NATIONAL TRAINING CENTER, Calif. — After seven days of grueling action across the hills and valleys of the National Training Center, the Blackhorse Troopers of the 11th Armored Cavalry Regiment are worn down. Not only have they been fighting the Rotational Training Unit, they’ve been fighting Mother Nature herself: with temperatures ranging from 70 degrees, to just above freezing at night, and two days of torrential downpours.
Suddenly a cry goes out from behind the lines: “Chows Here!” The Troopers gather around, already chattering excitedly about what’s for dinner. They find that they are not disappointed. As the tops are popped off the mermites, they’re greeted by the site of heaping piles of steak and mashed potatoes, to keep them warm and alert for the cold night to follow. This hot meal and every other one eaten during rotation are the result of the hard working Troopers of the Headquarters and Headquarters Troop, Regimental Support Squadron’s Field Feeding Teams (FFTs).
Throughout the course of the rotation the FFTs, led by Staff Sgt. Joseph Lach, manned two, separate Field Feeding Sites in the training area and with 17 Soldiers and NCO’s managed to produce approximately 2,800 meals daily, allowing the Regiment to enjoy two hot meals a day throughout the rotation. They provide an ever-evolving menu, to include biscuits and gravy, Philly cheese steaks, French toast, and of course the universally popular chicken and waffles. With such a great quantity of delicious courses produced time and again, without fail, it’s a direct reflection of the professionalism and dedication of the FFTs.

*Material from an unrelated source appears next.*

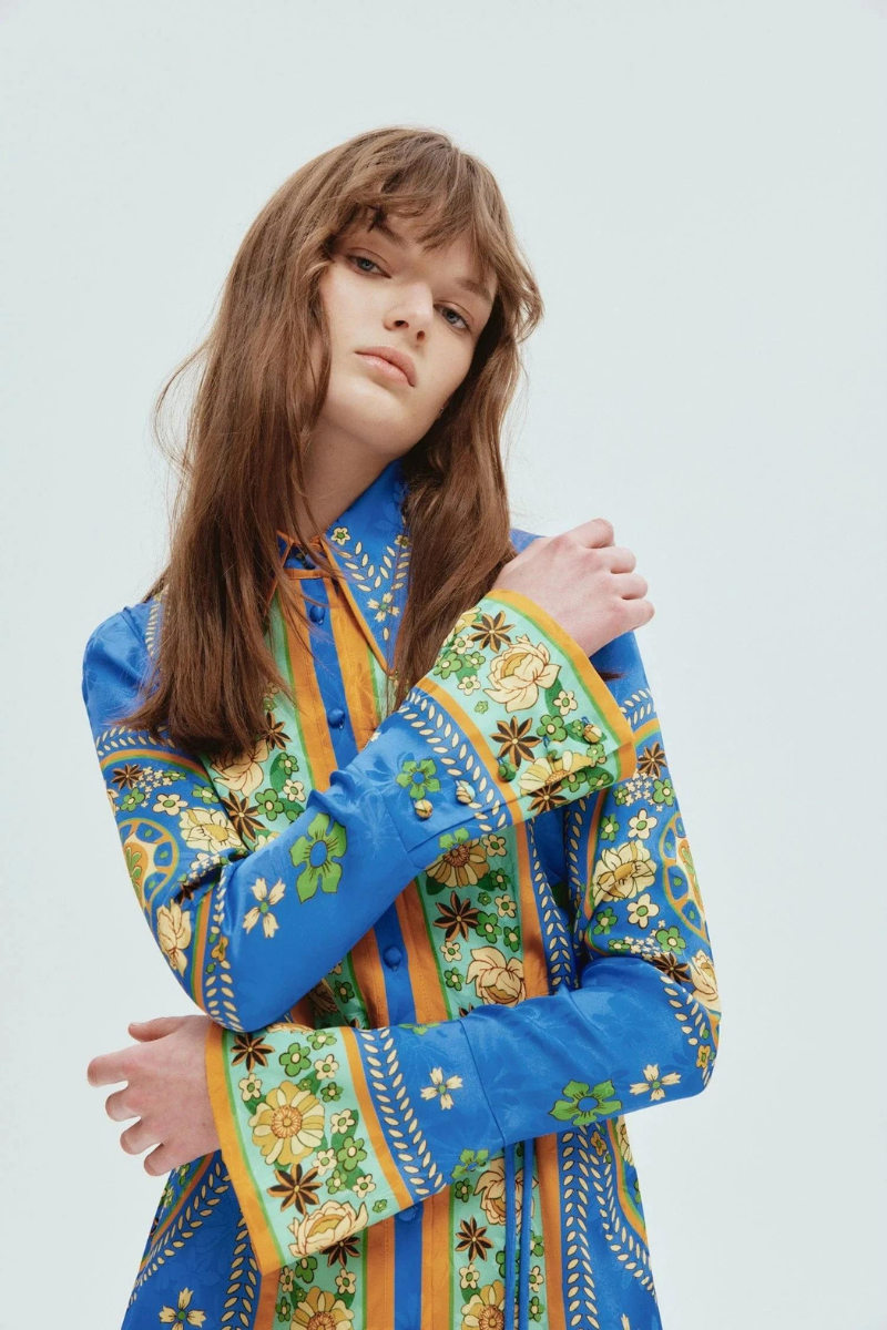 Lisbeth Uzun Kollu Çiçekli Mini Elbise
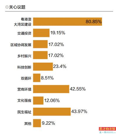 而与大湾区建设相关联的“交通投资”也获得了较高的关注度,有19.15%的受访者最关心这一话题。

The hard work begins before the rotation starts as the FFTs maintain and stage their numerous vehicles and pieces of equipment prior to moving into the field. In fact, the FFTs are typically the first element of the 11th ACR in the field during rotation, setting up the night before the main Blackhorse element rolls out in order to meet them with a hot meal when they arrive. Once in place, they are typically the first soldiers up and the last to bed, with the typical work day stretching from 1a.m. to 10p.m. After an hour of prep time, cooking typically begins at 2:30a.m. and continues virtually without pause until 7p.m. when the last dinner meal is served, followed by several hours of cleaning.
In rotation 20-06, the FFTs had unique challenges. First, they supported an increased headcount from both 11th ACR and the Guest Blackhorse Troopers of the United States Marine Corps 1st Battalion, 2nd Light Armored Regiment. The FFTs conquered the challenge with their typical can-do attitude, even taking the opportunity to cross train with the Marines own culinary specialists. The FFT even brought the food to the fight by manning Logistics Release Points (LRPs) for every meal from Training Day Three onward. At 6 a.m. and again at 5 p.m., every day, the FFT leads small convoys to LRPs closer to the forward line of troops, better supporting the rotational fight. The Troopers of the Field Feeding Team truly fed the force during the last rotation.